Worked example — the stand-up that skipped a week, then moved
Series EVT_STANDUP = FREQ=WEEKLY;BYDAY=TU in America/Los_Angeles, 09:00–09:15. Expanded across June–July it yields Tuesdays 6/9, 6/16, 6/23, 6/30, 7/7.
Each occurrence's UTC is derived: it's summer (PDT, UTC−7), so 09:00 local = 16:00Z. In winter the same series would land at 17:00Z — no row rewrite needed.
Week 3 (6/23) is cancelled: one fct_event_exceptions row (type=cancel) and the occurrence flips is_cancelled=TRUE with NULL UTC. Q1 drops it.
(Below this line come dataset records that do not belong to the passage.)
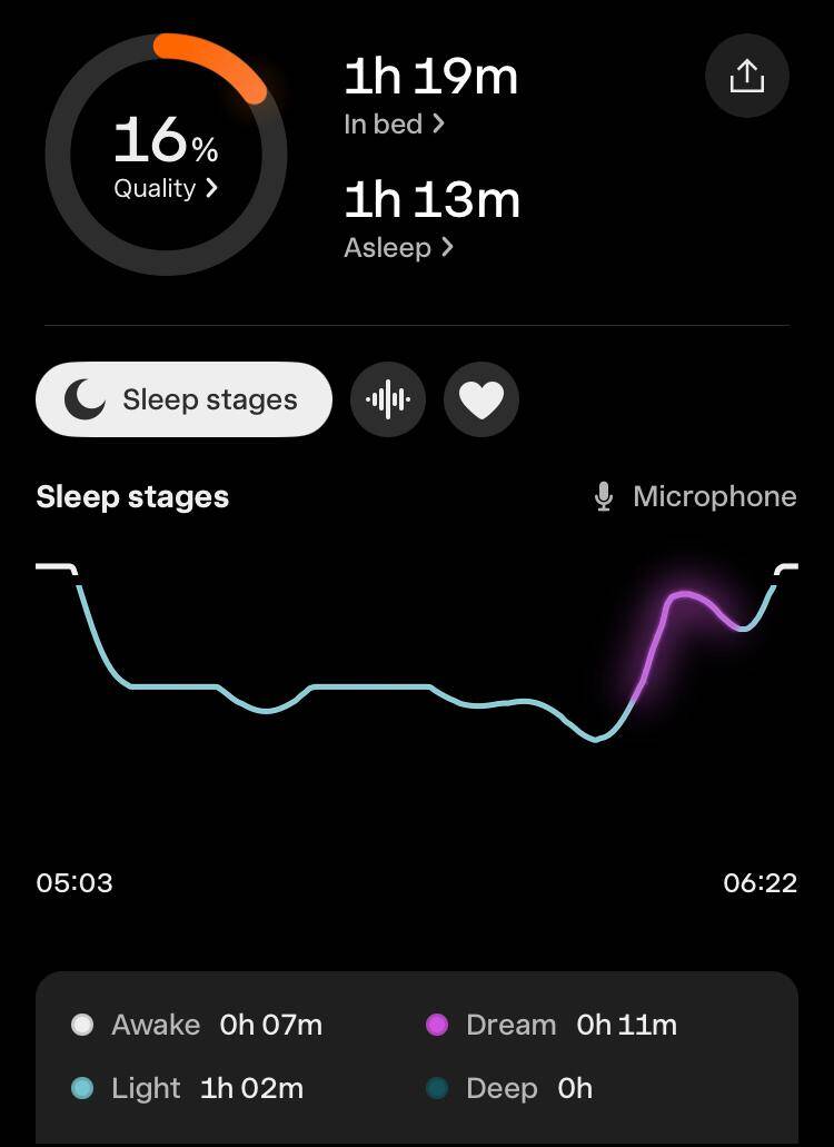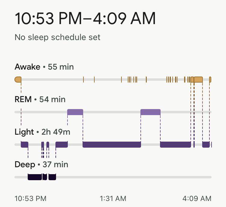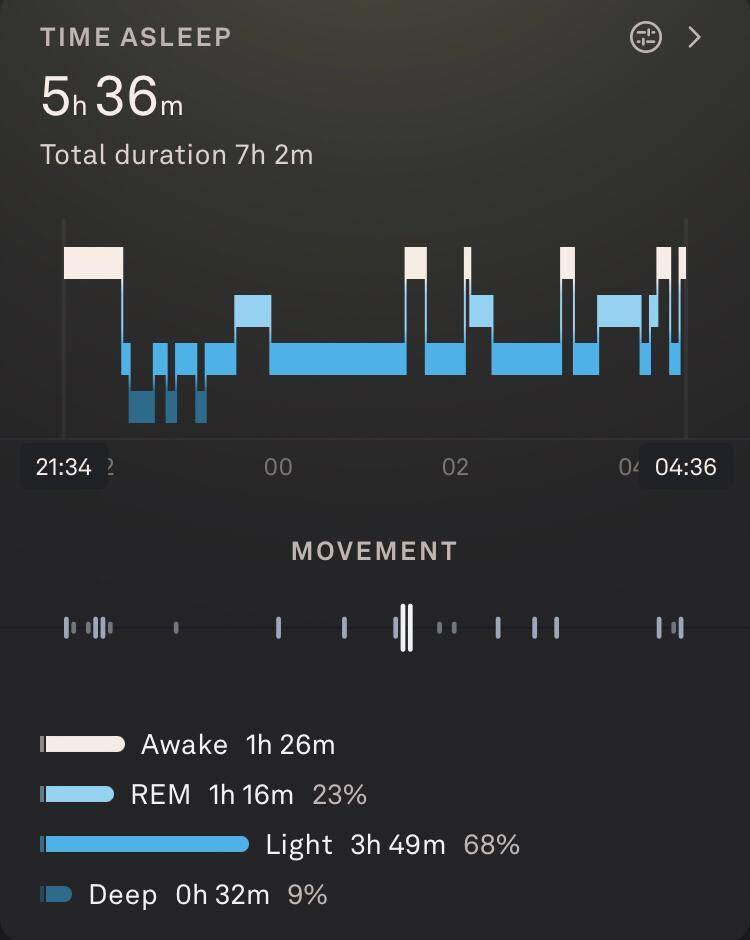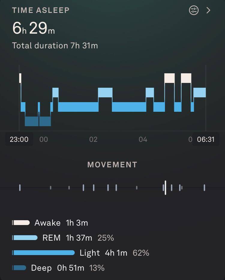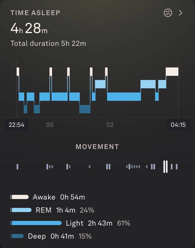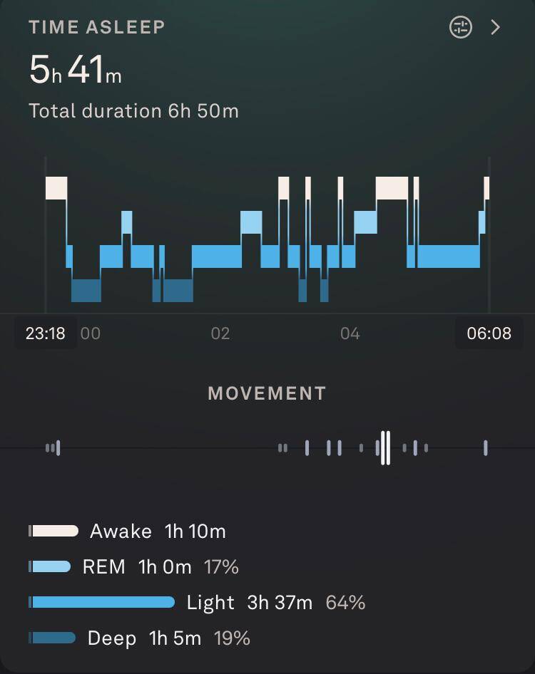 Fitbit horloge vergeten om te doen, dus vandaag alleen de slaapgegevens van Oura en Sleep Cycle.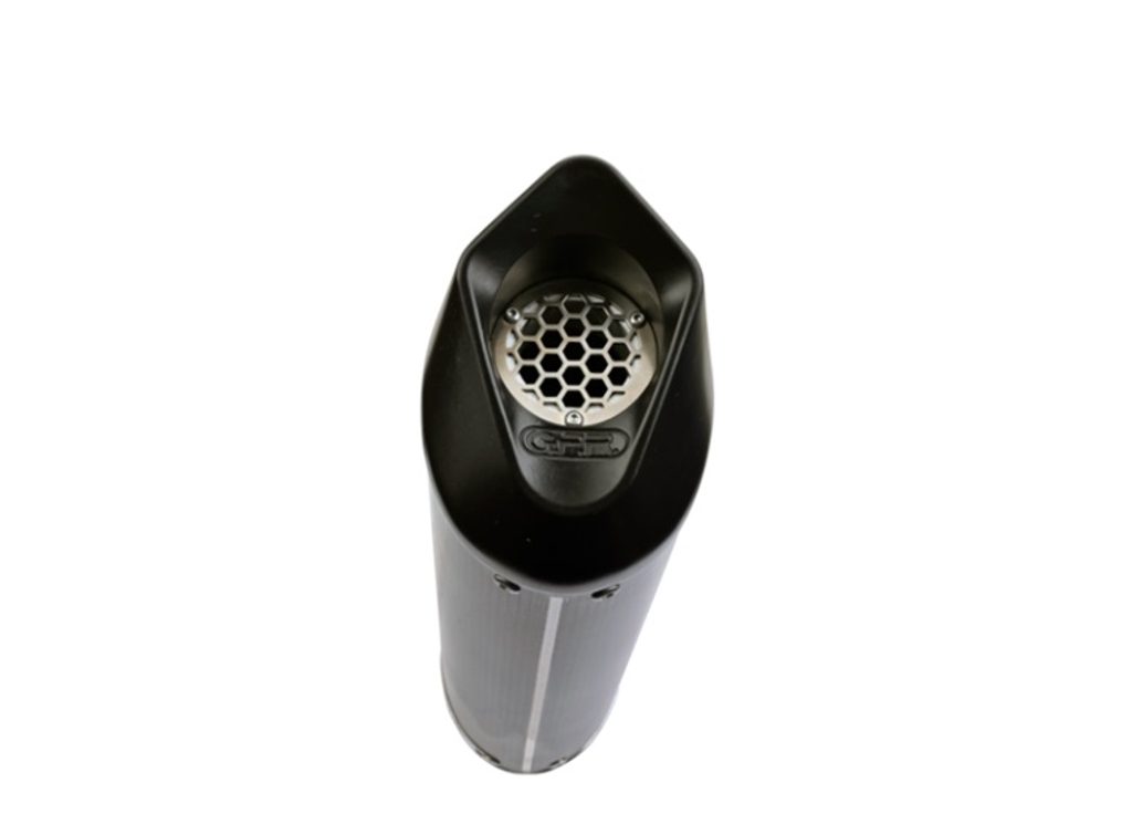 GPR's Furore Poppy silencer has a carbon look, stainless body and has been developed with a production process that produces zero impact to the environment. It has an oval shape with a diameter of 120MM, with avional bottoms produced by CNC machining.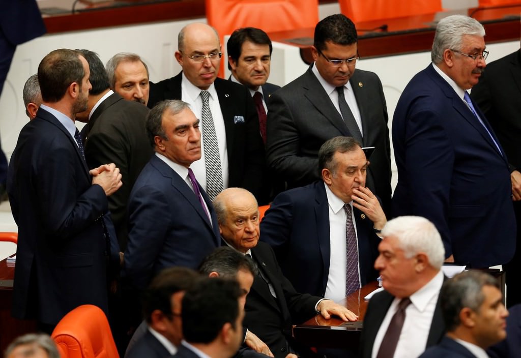 MHP Genel Başkanı Devlet Bahçeli, TBMM'de basın mensuplarına yaptığı açıklamada, "Anayasa değişikliğinin Meclis'te referandum yolu açık olarak kabul edileceği görülüyor. Görüşmelerde özellikle gerilim stratejisi izleniyor. Meclis'teki gerilim, referandum sürecinde Türkiye geneline yayılabilir. Anayasa Meclis'ten geçmezse parlamento yenilenmeli" diye konuştu.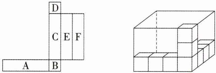 8. 左下图所示为一个长方体的展开图,已知A,B,C三个面的面积之和是36平方厘米,且B面为边长是2厘米的正方形。若E面是长方体的底面,则(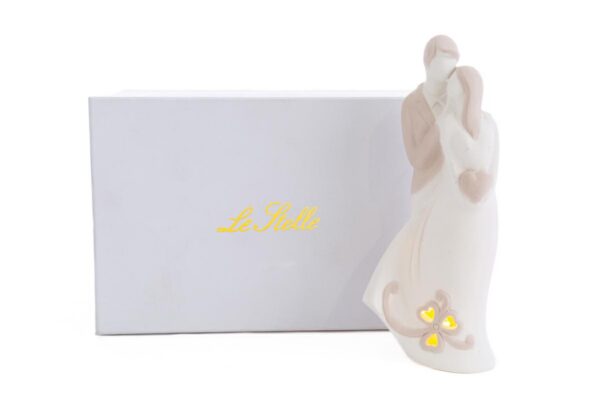 Un tocco di eleganza senza tempo per il tuo grande giorno. Gli sposini in porcellana con illuminazione LED sono una scelta raffinata e moderna, perfetta come bomboniere per un matrimonio indimenticabile. Realizzati in materiale di alta qualità, combinano bellezza e funzionalità in un design compatto e ricercato.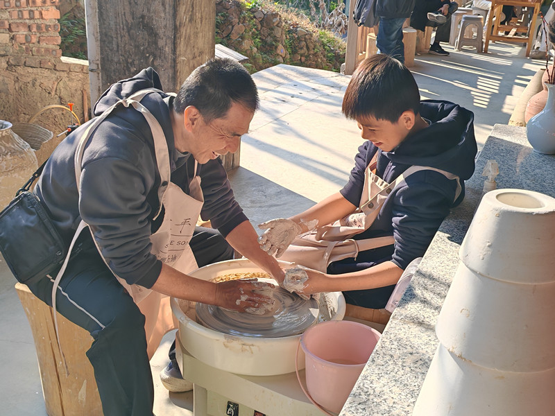 活動的重頭戲在閩臺陶瓷文化藝術創作交流基地——德化太平宮窯展開。大家紛紛卷起袖子體驗陶瓷DIY,揉泥、拉坯、捏塑、填彩……,興致盎然地創作自己的專屬陶瓷作品。歡聲笑語中,一件件充滿創意與童趣的作品誕生了,將兩岸親情揉捏進泥土,共同焙燒出跨越海峽的溫暖記憶。一位臺胞感慨道:“這是我第二次參加這個活動,每次都有新驚喜。孩子在陶瓷DIY中玩得很開心,也了解了德化陶瓷的歷史,感覺和家鄉的聯結更緊密了。”
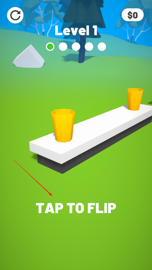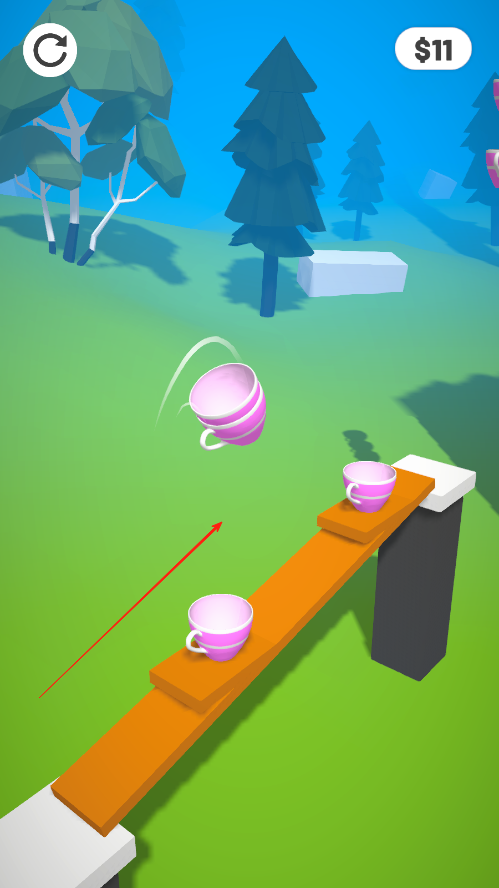 1、点击屏幕可以控制纸杯旋转跳跃,使纸杯落在另一个纸杯上,成功让纸杯摞起来即可。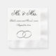 O guardanapo de casamento com o título "Sr. & Sra." O nome da noiva e o nome do noivo são personalizáveis junto com a data. Na parte inferior está uma imagem de anel duplo.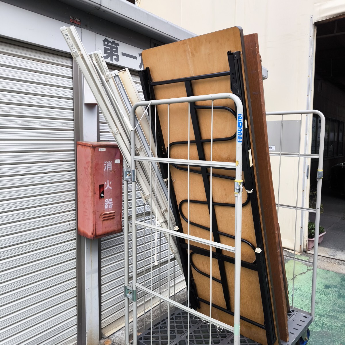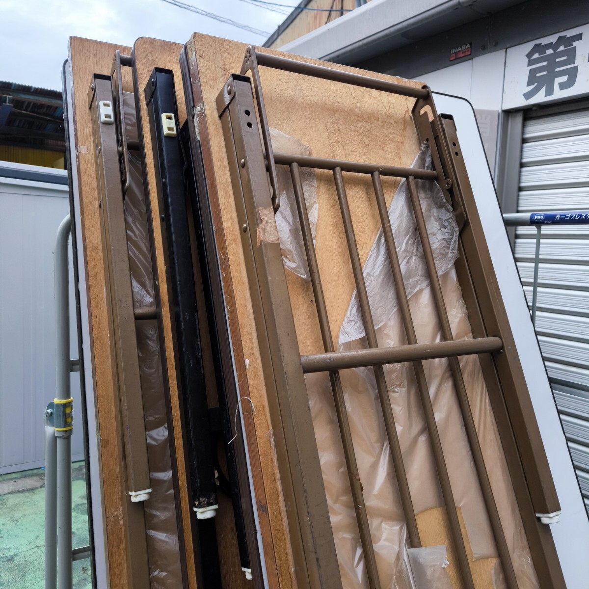 写真1枚目手前の机、目安サイズ 180×45×高さ69.5cm/写真9枚目 176×60×高さ66cm(広げずに計測していますので正確ではないです) 他サイズ色々まとめ売りです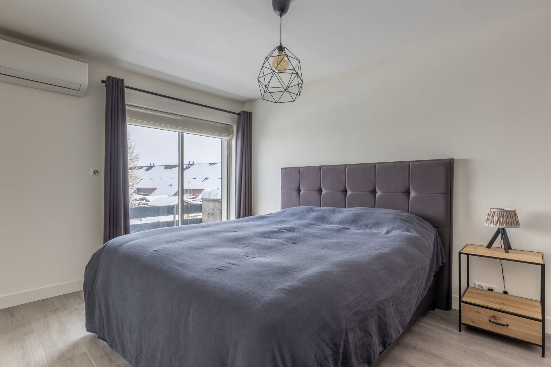 De slaapkamers en overloop op de eerste verdieping beschikken over een laminaatvloer. De badkamer beschikt over een tegelvloer met vloerverwarming.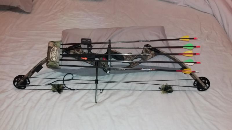 El arco es un Hoyt Magnatech Intruder para diestros regulable a 60 - 70 líbras de potencia y a 29 - 31 pulgadas de apertura. Incluye visor de 5 pines, reposaflechas regulable GKF de los de cuernos, peep autoalineable con goma, silenciadores de cuerda y de palas (estos son caseros) y carcaj de arco de 5 flechas (las flechas no están incluidas). También incluyo la bolsa de transporte de la foto.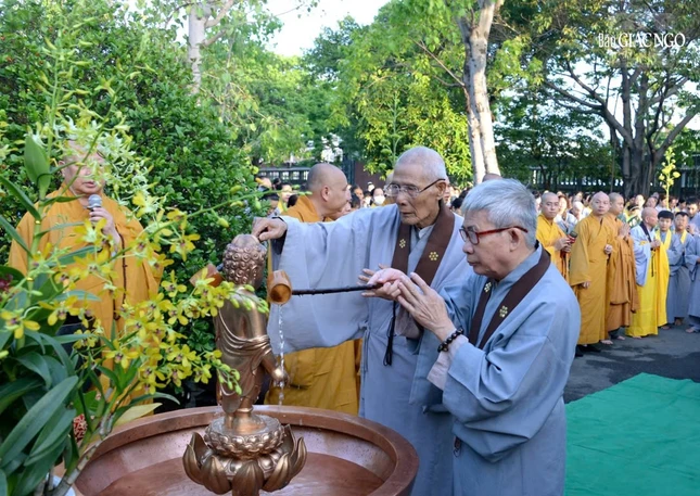Sau đó, chư Tăng cùng Phật tử tuần tự thực hiện nghi thức Tắm Phật trong không khí trang nghiêm, thành kính nhân kỷ niệm ngày Đức Phật đản sanh Phật lịch 2569.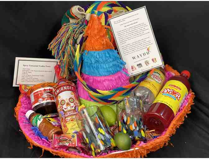 Includes: Wayuu bag - Smirnoff spicy tamarind - Chamoy Amor mild sauce - Canada Dry Tonic Water - Escarcharindo tamarindo sauce - 2 multicolor glasses made in Mexico - 1 Mexican fan - 1 mini pinata - Fiesta basket

Week 4 (6/30) is moved to Wed 7/1 14:00: an exception (type=move, recurrence_id=2026-06-30 09:00) and an override occurrence at 21:00Z (14:00 PDT). The override carries its own attendees, so Chen declines just that instance while staying on the series.
Rescheduling the moved instance, the planner asks free/busy for 3 attendees on 7/1: Alice busy 09:00–10:30 & 12:00–13:00, Bren 08:30–09:30 & 13:00–14:00, Chen 10:00–11:00. OR the slot masks → the first all-free 60-min run is 11:00–12:00 PT (18:00Z). Q2 returns exactly that.
Recurrence health (Q3) shows series 501 with 2 exceptions (1 cancel, 1 move) — healthy. A series with cancels every week is a "zombie" the workspace nudges to delete.
Drill · answer this in 90 seconds:
Design the model behind Google Calendar: recurring events with per-instance exceptions, IANA time zones with DST correctness, accept/decline/tentative invitations, and free/busy "find a time" across many attendees — with point-in-time queryability.
Senior framing. "One row means infinite occurrences, so I keep the RRULE in an SCD2 series dim and materialize occurrence-as-fact to a rolling horizon — Airbnb's calendar-as-fact, applied to scheduling. I store local wall-clock + IANA zone and derive UTC per occurrence so DST can't move a million stand-ups. Exceptions are an append-only ledger keyed by recurrence_id (per-instance RSVPs fall out for free), and free/busy is a 15-minute slot fact I OR across attendees so 'find a time' is microsecond-cheap."